DATASET EXCERPTS section start
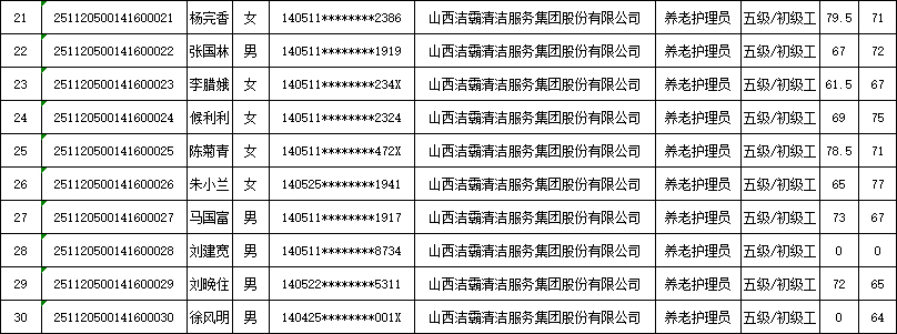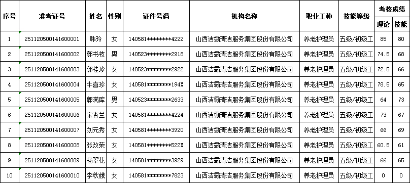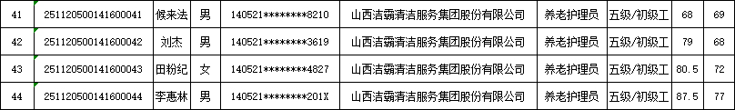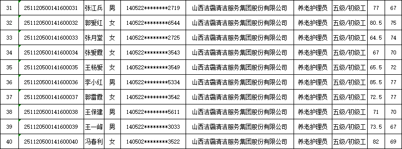 山西潔霸清潔服務(wù)集團(tuán)股份有限公司職業(yè)技能等級認(rèn)定中心2025年11月22日第4批養(yǎng)老護(hù)理員初級認(rèn)定人員成績公示
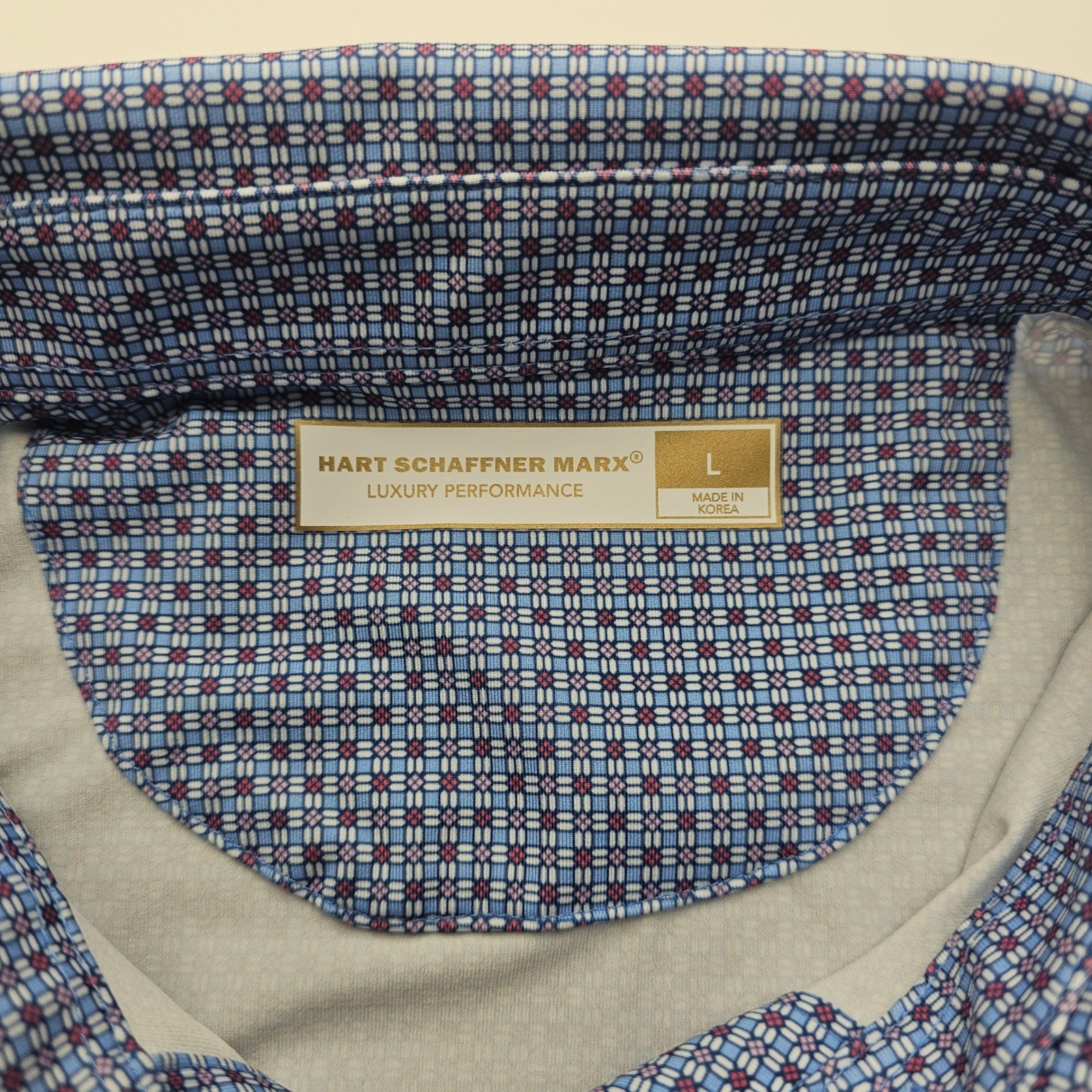 Hart Schaffner Marx Mens Luxury Performance Polo Shirt Blue Geometric Print L
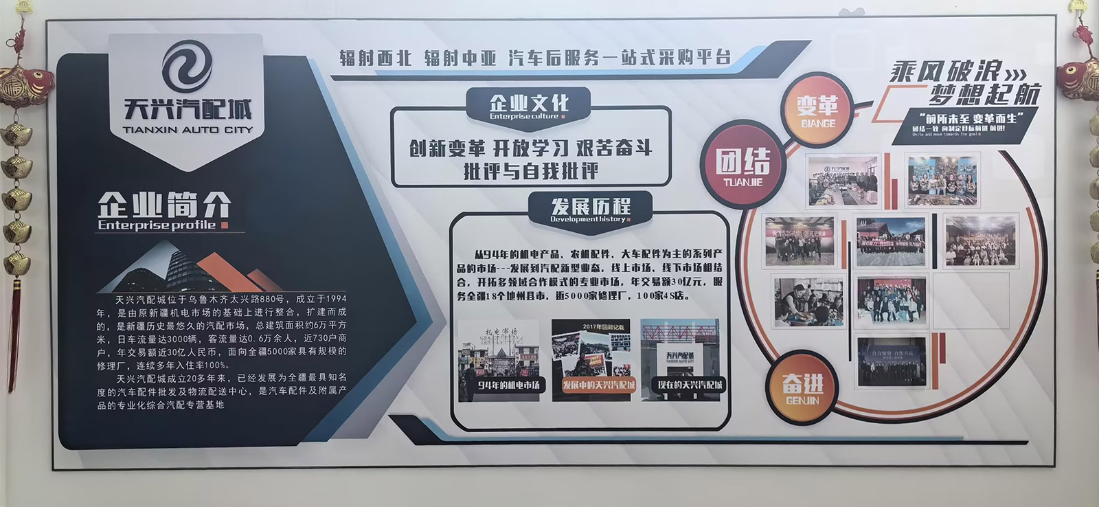 天興汽配城位于烏魯木齊太興路880號,成立于1994年,是由原新疆機電市場的基礎(chǔ)上進行整合,擴建而成的,是新疆歷史最悠久的汽配市場,總建筑面積約6萬平方米,日車流量達3000輛,客流量達0.6萬余人,近730戶商戶,年交易額近30億人民幣,面向全疆5000家具有規(guī)模的修理廠,連續(xù)多年入住率100%。
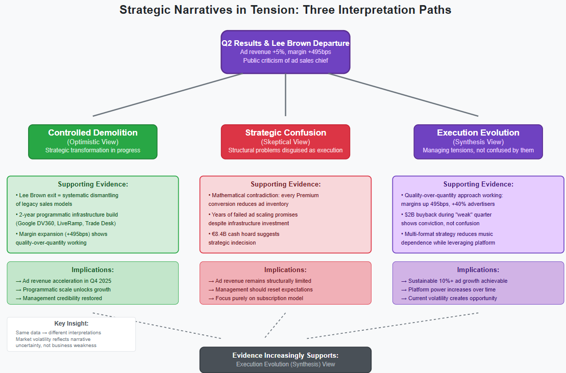 Three competing interpretations of Spotify's Q2 results have emerged among analysts and investors, each capturing part of a complex reality that resists simple categorization.
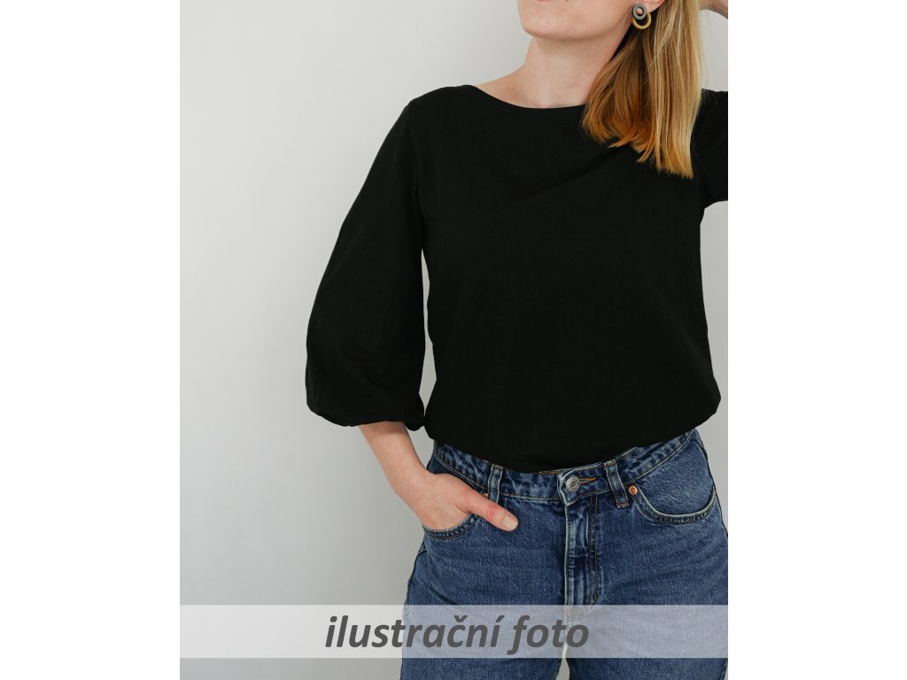 Dámské tričko oversized střihu s balonovými rukávy 3/4 délky. Rukávy jsou zakončeny gumičkou. Tričko působí elegantně a velmi žensky. Pokud chcete velikost více na tělo, zvolte menší velikost.
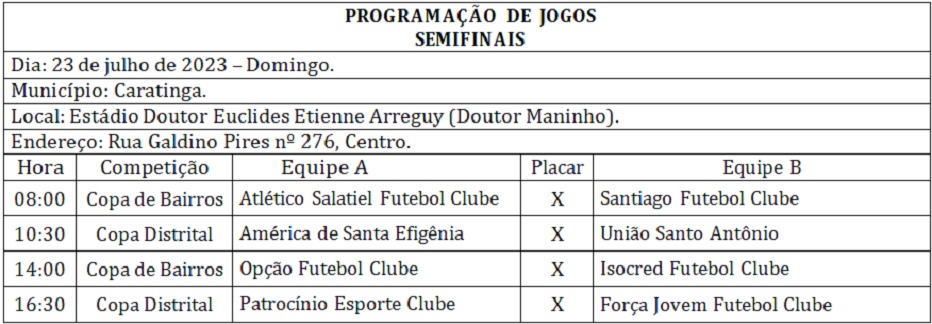 No domingo (23), no Estádio Doutor Maninho, enfrentam-se pela fase semifinal, às 8h – Atlético Salatiel e Santiago Futebol Clube pela Copa de Bairros e às 10h30– América de Santa Efigênia e União Santo Antônio pela Copa Distrital. Às 14h – Opção Futebol Clube e Isocred Futebol Clube pela Copa de Bairros e às 16h 30– Patrocínio Esporte Clube e Força Jovem de Santa Luzia pela Copa Distrital. Os vencedores das partidas semifinais fazem as finais no domingo (30).
DATASET EXCERPTS section end
■ YOUR INSTRUCTIONS
Copy only these lines from the records above, exactly: the one with "天興汽配城位于烏魯木齊太興路", the one with "Three competing interpretations", and those between. Skip the pictures.

■ SOLUTION TO THIS TASK
 天興汽配城位于烏魯木齊太興路880號,成立于1994年,是由原新疆機電市場的基礎(chǔ)上進行整合,擴建而成的,是新疆歷史最悠久的汽配市場,總建筑面積約6萬平方米,日車流量達3000輛,客流量達0.6萬余人,近730戶商戶,年交易額近30億人民幣,面向全疆5000家具有規(guī)模的修理廠,連續(xù)多年入住率100%。
 Three competing interpretations of Spotify's Q2 results have emerged among analysts and investors, each capturing part of a complex reality that resists simple categorization.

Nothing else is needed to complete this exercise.